Jot is a BSD utility, similar to APL iota, for generating sequences -- including (now that I've reread the man page) infinite sequences, so one can have the tail of the pipeline, instead of the head, control termination: (fold with early exit).

jot 0 | awk '{s+=$1}NR==1000000{print s;exit}'

xargs as poor man's map

I haven't thought about xargs in years. It can be used as a poor man's map for infinite streams. In bash, try:

$ alias map="xargs -n 1"
$ echo /pathA/f1 /pathB/f2 | map wc -l

which will give you the number of lines in f1 and f2, like:

212 /pathA/f1
23244 /pathB/f2

Even more useful(?):

alias car="awk '{print \$1}'"
echo /pathA/f1 /pathB/f2 | map wc -l | car

Which will give you just the count for each file.

Dave, who seems to be

Dave, who seems to be posting anonymously, wrote a shell script that constructs and queries an inverted index of text files in order to do a full-text search. Very impressive.

write now, install forever...

It's really too bad there isn't a 'CPAN' or 'rubygems' for Bash. Actually, the lack of a solid package manager has kept me away from Python as well. Working from the shell is a great way to prototype, and as my Bash powers have increased I am much more efficient on a day to day basis; but I would really hesitate to write an 'application' in Bash and ship it to a client as a tarball of functionality that goes 'somewhere'.

Lisp vs. short-term memory

What's really nice about UNIX pipes is that every time you get to another pipe character, if you have in your mind what the stream of data looks like at that point, you can forget about what you've typed so far and just concentrate on the remainder of the process. That quality makes it easy to read, understand, and debug.

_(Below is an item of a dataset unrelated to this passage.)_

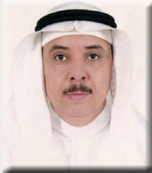
بقلم/ الأستاذ الدكتور محمد بن عبد الرحيم شاهين

البقدونس نبات عشبي ثنائي الحول، ينتمي إلى الفصيلة الخيمية، ويُستعمل كغذاء وتزيين به أطباق الطعام، كما أنه يُستعمل كنوع من التوابل لإضافة النكهات على الأطعمة. وتستخدم الزيوت النباتية الناتجة منه لإنتاج العطور والعوامل المعطرة في الصابون أو الكريمات. وقد استخدم في قديم الزمان كدواء قبل استخدامه كمادة مضافة للغذاء. ويعتبر البقدونس مصدرًا هامًا للعديد من الفيتامينات والعناصر الغذائية والمواد الفعالة التي تعتبر مسؤولة عن التأثيرات الصحية للإنسان. فتناول البقدونس يوميًا يساهم في دعم صحة الجهاز الهضمي، ويرجع ذلك جزئيًا إلى دوره في دعم الكبد، فهو يزيد من مستويات الجلوتاثيون المضاد للأكسدة الرئيسية في الكبد، وتدعيم أيضا الإنزيمات المضادة للأكسدة الأخرى. وقد ثبت أن البقدونس يمكن أن يعمل على تجديد أنسجة الكبد بعد الأضرار الناجمة عن الأمراض المزمنة. كما يحفز البقدونس إنتاج العصارة الصفراوية في الكبد اللازمة لهضم الدهون في الأمعاء، حيث أن نقصها يساهم في سوء الهضم، والنمو الجرثومي، والاضطرابات الهرمونية، كما أنها ضرورية لإفراز السموم التي يتم

There may be a limit to what you can do in a strict linear form like that, but lisp-like languages are the worst in that regard. All those parens are beautiful if you're a parser, but if you're a person they wreak havoc with your short-term memory. See this wikipedia article for a little discussion of that in the context of natural language.

Obviously there is a place for languages with lots of brackets and nesting, but IMO they aren't ideal on a command line. (However, as a self-contained step in a pipe, as in Todd's examples, I have no problem with that)

Saving the mental stack

That's why my language Kogut has a particular syntactic sugar: x->F y z means F x y z, where x may contain further unparenthesized arrows itself.

This leads to pipeline-style syntax for nested function application where function names are written in the order they are executed:

NumberMoves plans->Reject ?(_, plan) {plan %Is Null}
->SortBy ?(_, _, states) {BestState states} IsWorse
->Each ?(x, oldDepth, oldStates) {
   ...
};

This works best when the primary object of every operation is the first parameter. Kogut indeed tries to order parameters that way, and at the same time any functional parameter tends to be the last one.

Compare with the equivalent, which assumes the order of function parameters being more typical for functional languages:

Each ?(x, oldDepth, oldStates) {
   ...
} (SortBy ?(_, _, states) {BestState states} IsWorse
   (Reject ?(_, plan) {plan %Is Null} (NumberMoves plans)));

Stacking your thoughts

I can live quite happily with

let x = f ...
    y = g x ...
    z = h x y ...
in ...

to stack my thoughts and "forget" about what I typed after I bound the result to a variable.
On the other side of the spectrum, if somebody does not want to invent names for intermediate results, there is always FORTH. We can write

F G H

and only have to remember how the stack looks like. Personally, I find meaningful names helpful when returning after some time to code I wrote.

plt vs plp

in theory, the linear nature of pipelines more directly expresses the associativity of the command line monad — nesting overspecifies.

in practice, it's probably more important that an interactive exploratory session incrementally building a pipeline generally involves no more than concatenation, or at worst a single replacement — is needing nesting a sign that what one has to say is too complex for a command line phrase, and ought to be scripted?